→ Task prompt
Write out the stretch of lines below that begins at the line with "[세계로컬타임즈] 천안시의회 농산물" and ends at the line with "این ست نقره", including both, exactly as given and nothing more.

→ Data extracts
○ ○ ○ ○ ○ ○ ○

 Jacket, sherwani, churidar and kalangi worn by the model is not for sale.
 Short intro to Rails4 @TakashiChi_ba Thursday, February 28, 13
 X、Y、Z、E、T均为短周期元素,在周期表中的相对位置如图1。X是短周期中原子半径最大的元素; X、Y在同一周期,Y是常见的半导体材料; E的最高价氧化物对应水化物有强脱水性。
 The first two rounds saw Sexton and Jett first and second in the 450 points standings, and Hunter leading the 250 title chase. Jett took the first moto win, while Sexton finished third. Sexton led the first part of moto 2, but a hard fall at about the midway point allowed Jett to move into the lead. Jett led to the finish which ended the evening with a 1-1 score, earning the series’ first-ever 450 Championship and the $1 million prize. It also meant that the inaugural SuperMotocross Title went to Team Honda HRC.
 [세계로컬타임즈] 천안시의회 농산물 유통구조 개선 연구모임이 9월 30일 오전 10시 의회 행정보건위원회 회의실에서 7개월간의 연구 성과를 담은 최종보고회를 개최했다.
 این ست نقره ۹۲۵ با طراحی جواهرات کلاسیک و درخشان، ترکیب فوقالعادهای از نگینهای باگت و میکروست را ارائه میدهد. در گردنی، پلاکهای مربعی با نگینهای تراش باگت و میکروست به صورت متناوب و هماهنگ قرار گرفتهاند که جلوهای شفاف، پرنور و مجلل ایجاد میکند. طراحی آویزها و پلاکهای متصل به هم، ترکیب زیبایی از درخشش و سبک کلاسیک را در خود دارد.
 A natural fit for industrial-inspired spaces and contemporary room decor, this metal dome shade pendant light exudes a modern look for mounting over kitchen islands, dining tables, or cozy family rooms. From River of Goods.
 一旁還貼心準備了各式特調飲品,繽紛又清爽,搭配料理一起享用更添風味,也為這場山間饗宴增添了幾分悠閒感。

○ ○ ○ ○ ○ ○ ○

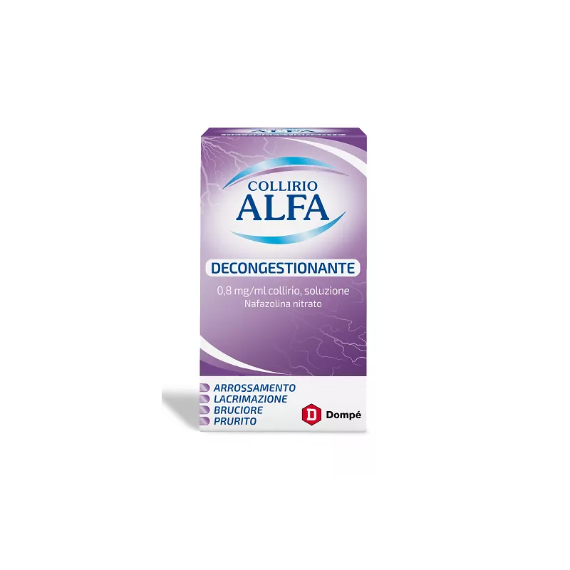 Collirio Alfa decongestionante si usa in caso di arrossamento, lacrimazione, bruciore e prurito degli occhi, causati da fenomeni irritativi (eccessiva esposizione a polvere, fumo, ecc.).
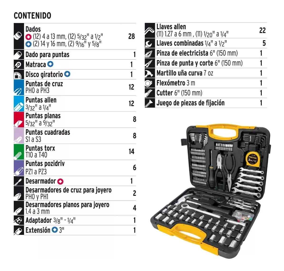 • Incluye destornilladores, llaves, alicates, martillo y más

○ ○ ○ ○ ○ ○ ○

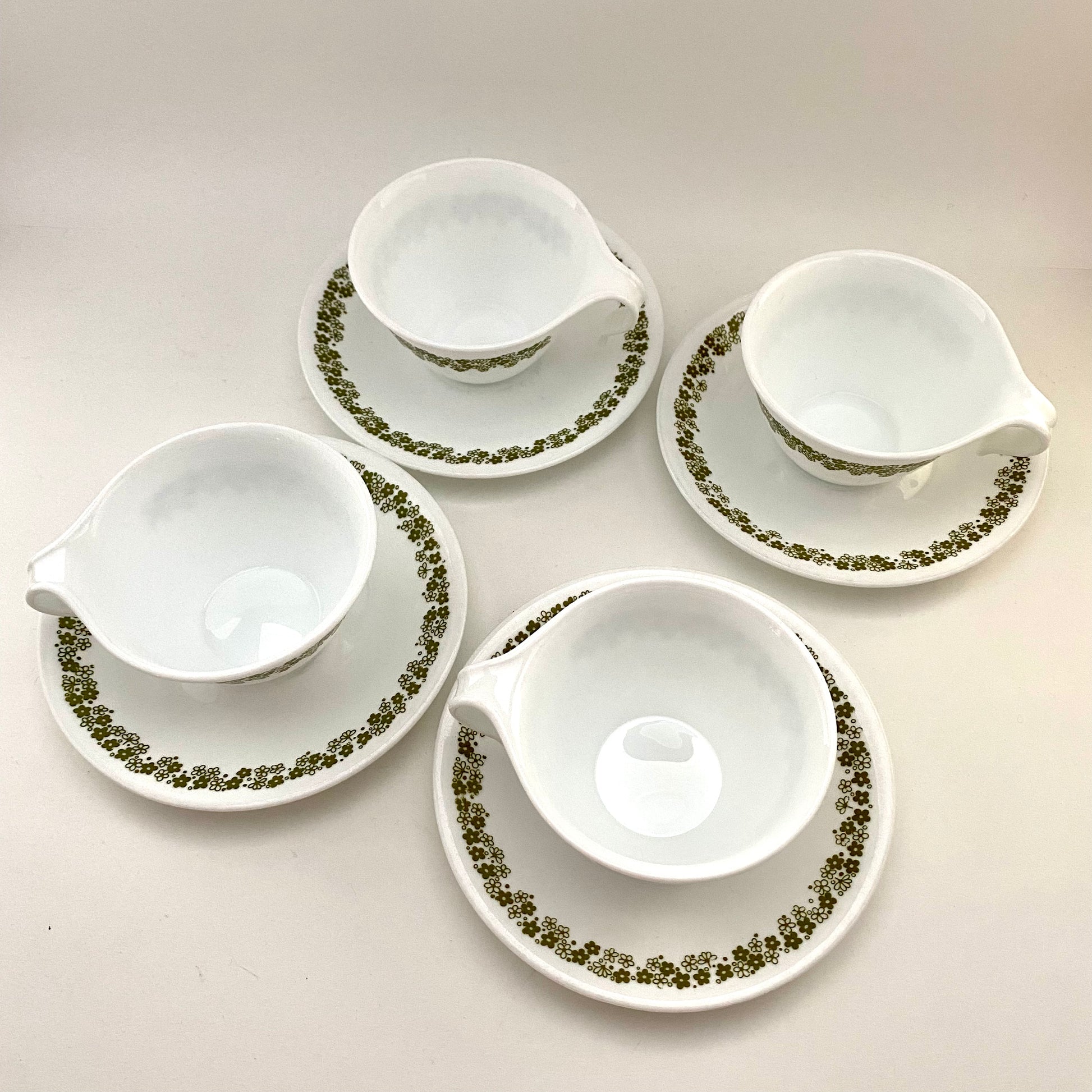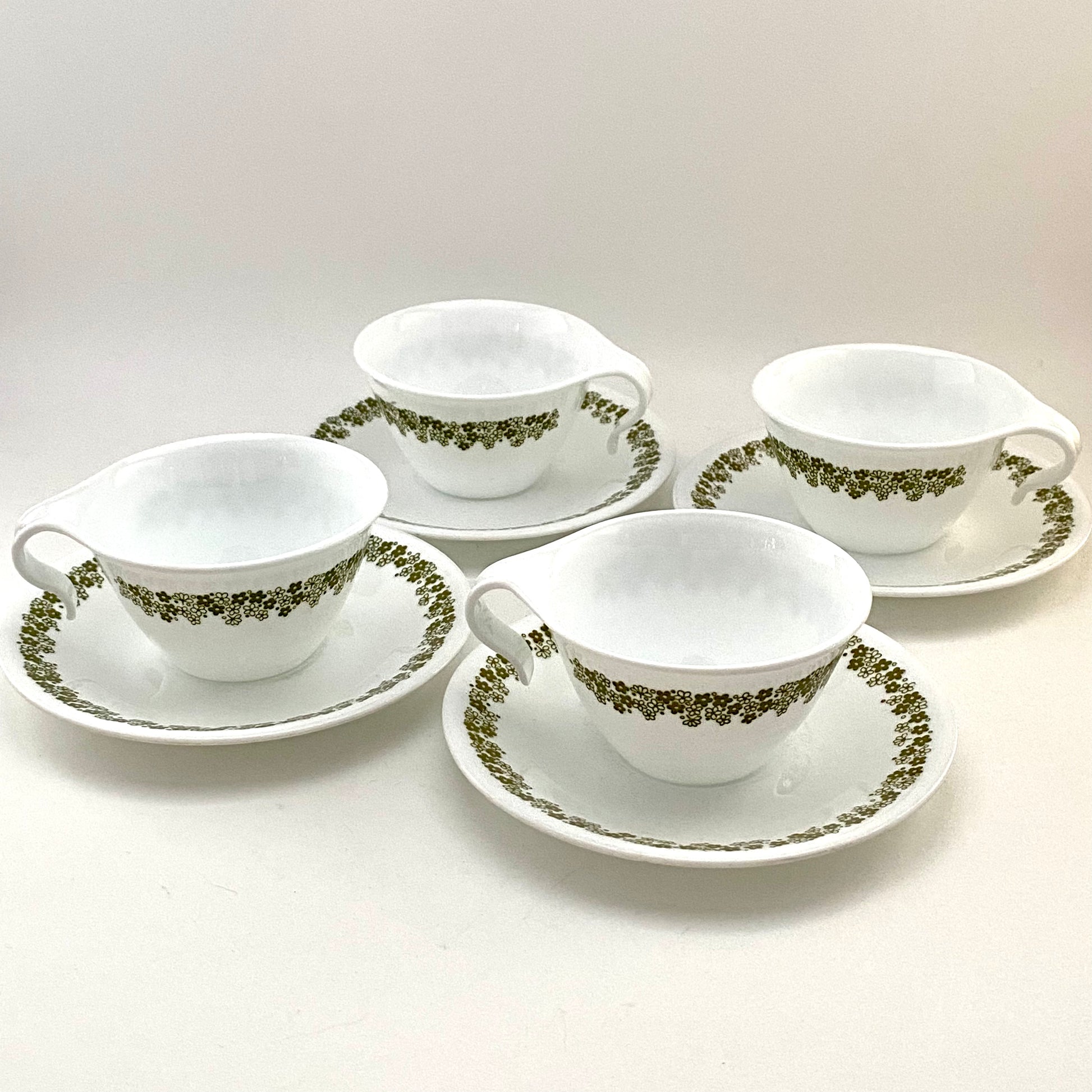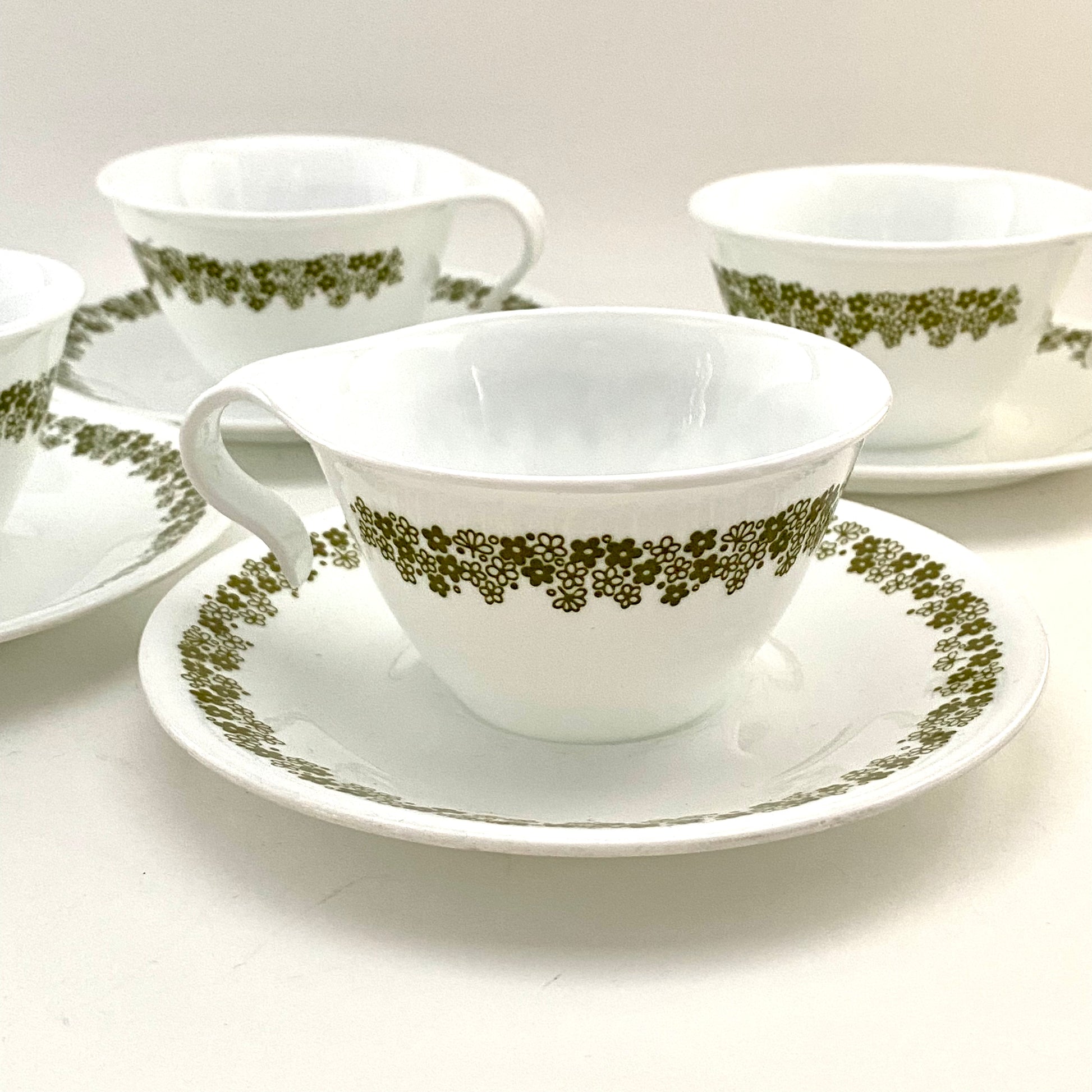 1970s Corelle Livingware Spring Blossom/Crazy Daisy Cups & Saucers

○ ○ ○ ○ ○ ○ ○

→ Answer box
 [세계로컬타임즈] 천안시의회 농산물 유통구조 개선 연구모임이 9월 30일 오전 10시 의회 행정보건위원회 회의실에서 7개월간의 연구 성과를 담은 최종보고회를 개최했다.
 این ست نقره ۹۲۵ با طراحی جواهرات کلاسیک و درخشان، ترکیب فوقالعادهای از نگینهای باگت و میکروست را ارائه میدهد. در گردنی، پلاکهای مربعی با نگینهای تراش باگت و میکروست به صورت متناوب و هماهنگ قرار گرفتهاند که جلوهای شفاف، پرنور و مجلل ایجاد میکند. طراحی آویزها و پلاکهای متصل به هم، ترکیب زیبایی از درخشش و سبک کلاسیک را در خود دارد.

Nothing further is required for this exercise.